BlockManagerSlaveEndpoint

BlockManagerSlaveEndpoint是RpcEndpoint的一个具体实现类,是BlockManager的组件,当向Driver注册BlockManager时,会带上BlockManagerSlaveEndpoint信息。BlockManagerSlaveEndpoint保存了Executor的地址,Driver可以通过调用相关BlockManager的BlockManagerSlaveEndpoint来向BlockManager发送删除指令。

源码分析

  • 处理来自Driver的删除请求,并返回删除结果的逻辑
  override def receiveAndReply(context: RpcCallContext): PartialFunction[Any, Unit] = {
    case RemoveBlock(blockId) =>
      doAsync[Boolean]("removing block " + blockId, context) {
        blockManager.removeBlock(blockId)
        true
      }

    case RemoveRdd(rddId) =>
      doAsync[Int]("removing RDD " + rddId, context) {
        blockManager.removeRdd(rddId)
      }

    case RemoveShuffle(shuffleId) =>
      doAsync[Boolean]("removing shuffle " + shuffleId, context) {
        if (mapOutputTracker != null) {
          mapOutputTracker.unregisterShuffle(shuffleId)
        }
        SparkEnv.get.shuffleManager.unregisterShuffle(shuffleId)
      }

    case RemoveBroadcast(broadcastId, _) =>
      doAsync[Int]("removing broadcast " + broadcastId, context) {
        blockManager.removeBroadcast(broadcastId, tellMaster = true)
      }

    case GetBlockStatus(blockId, _) =>
      context.reply(blockManager.getStatus(blockId))

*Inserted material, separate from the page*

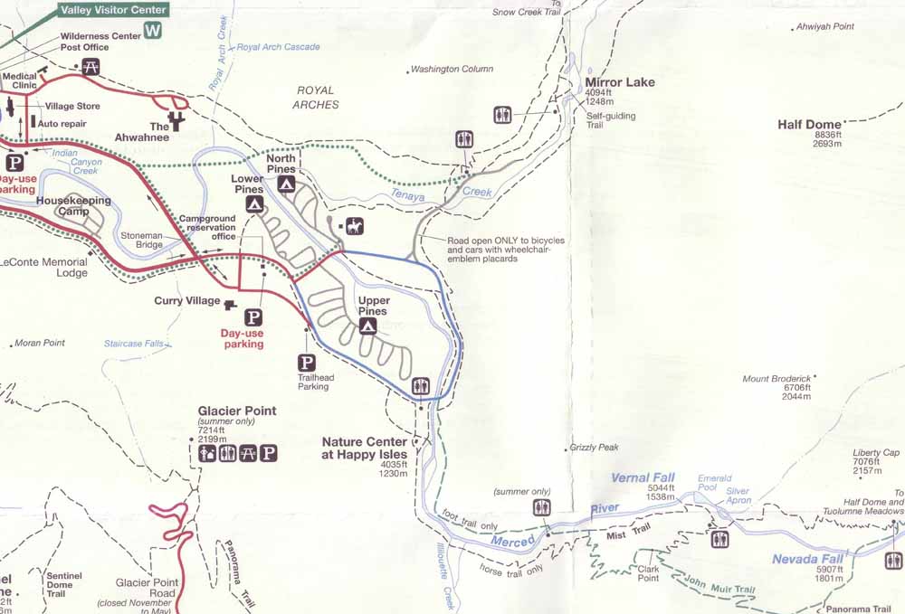Interesting Yosemite and Half Dome links Yosemite National Park Service Yosemite Map - this link has 2 pdf maps, the official park map and Yosemite Valley Map.

    case GetMatchingBlockIds(filter, _) =>
      context.reply(blockManager.getMatchingBlockIds(filter))

    case TriggerThreadDump =>
      context.reply(Utils.getThreadDump())
  }

  private def doAsync[T](actionMessage: String, context: RpcCallContext)(body: => T) {
    val future = Future {
      logDebug(actionMessage)
      body
    }
    future.onSuccess { case response =>
      logDebug("Done " + actionMessage + ", response is " + response)
      context.reply(response)
      logDebug("Sent response: " + response + " to " + context.senderAddress)
    }
    future.onFailure { case t: Throwable =>
      logError("Error in " + actionMessage, t)
      context.sendFailure(t)
    }
  }

BlockTransferService

BlockTransferService用来实现BlockManager与其他Executor的BlockManager的相互通信,来获取/上传数据块。BlockTransferService是一个抽象类,NettyBlockTransferService是他的实现类,通过netty实现网络通信。

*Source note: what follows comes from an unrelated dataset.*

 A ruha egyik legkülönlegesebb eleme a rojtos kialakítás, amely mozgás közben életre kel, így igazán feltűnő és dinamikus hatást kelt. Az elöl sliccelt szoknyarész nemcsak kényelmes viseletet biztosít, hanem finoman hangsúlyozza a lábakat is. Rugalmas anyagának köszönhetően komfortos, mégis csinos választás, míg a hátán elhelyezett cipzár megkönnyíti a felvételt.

创建NettyBlockTransferService后,在调用NettyBlockTransferService其他方法之前需要调用init方法,来创建netty传输相关的TransportServer,TransportClientFactory,NettyBlockRpcServer。其中TransportServer用来接收其他Executor BlockManager发来的请求,TransportClientFactory用来创建client向其他Executor BlockManager发送请求,NettyBlockRpcServer用来执行响应请求的具体逻辑。

源码分析

  • 初始化NettyBlockTransferService
  // 创建rpcHandler,server,client,来发送和接收block
  override def init(blockDataManager: BlockDataManager): Unit = {
    // 创建实际负责处理请求的rpcHandler
    val rpcHandler = new NettyBlockRpcServer(conf.getAppId, serializer, blockDataManager)
    var serverBootstrap: Option[TransportServerBootstrap] = None
    var clientBootstrap: Option[TransportClientBootstrap] = None
    // 如果需要认证,则在实际初始化TransportServer和TransportClientFactory之前需要执行bootstrap方法
    if (authEnabled) {
      serverBootstrap = Some(new SaslServerBootstrap(transportConf, securityManager))
      clientBootstrap = Some(new SaslClientBootstrap(transportConf, conf.getAppId, securityManager,
        securityManager.isSaslEncryptionEnabled()))
    }
    transportContext = new TransportContext(transportConf, rpcHandler)
    clientFactory = transportContext.createClientFactory(clientBootstrap.toSeq.asJava)
    server = createServer(serverBootstrap.toList)
    appId = conf.getAppId
    logInfo(s"Server created on ${hostName}:${server.getPort}")
  }
  • 从其他Executor获取数据块
  override def fetchBlocks(
      host: String,
      port: Int,
      execId: String,
      blockIds: Array[String],
      listener: BlockFetchingListener): Unit = {
    logTrace(s"Fetch blocks from $host:$port (executor id $execId)")
    try {
      // 调用shuffle包中的方法从远端获取数据
      val blockFetchStarter = new RetryingBlockFetcher.BlockFetchStarter {
        override def createAndStart(blockIds: Array[String], listener: BlockFetchingListener) {
          val client = clientFactory.createClient(host, port)
          new OneForOneBlockFetcher(client, appId, execId, blockIds.toArray, listener).start()
        }
      }

      val maxRetries = transportConf.maxIORetries()
      if (maxRetries > 0) {
        // Note this Fetcher will correctly handle maxRetries == 0; we avoid it just in case there's
        // a bug in this code. We should remove the if statement once we're sure of the stability.
        new RetryingBlockFetcher(transportConf, blockFetchStarter, blockIds, listener).start()
      } else {
        blockFetchStarter.createAndStart(blockIds, listener)
      }
    } catch {
      case e: Exception =>
        logError("Exception while beginning fetchBlocks", e)
        blockIds.foreach(listener.onBlockFetchFailure(_, e))
    }
  }
  • 响应其他Executor的请求,将数据块返回给请求的Executor
  override def uploadBlock(
      hostname: String,
      port: Int,
      execId: String,
      blockId: BlockId,
      blockData: ManagedBuffer,
      level: StorageLevel,
      classTag: ClassTag[_]): Future[Unit] = {
    val result = Promise[Unit]()
    val client = clientFactory.createClient(hostname, port)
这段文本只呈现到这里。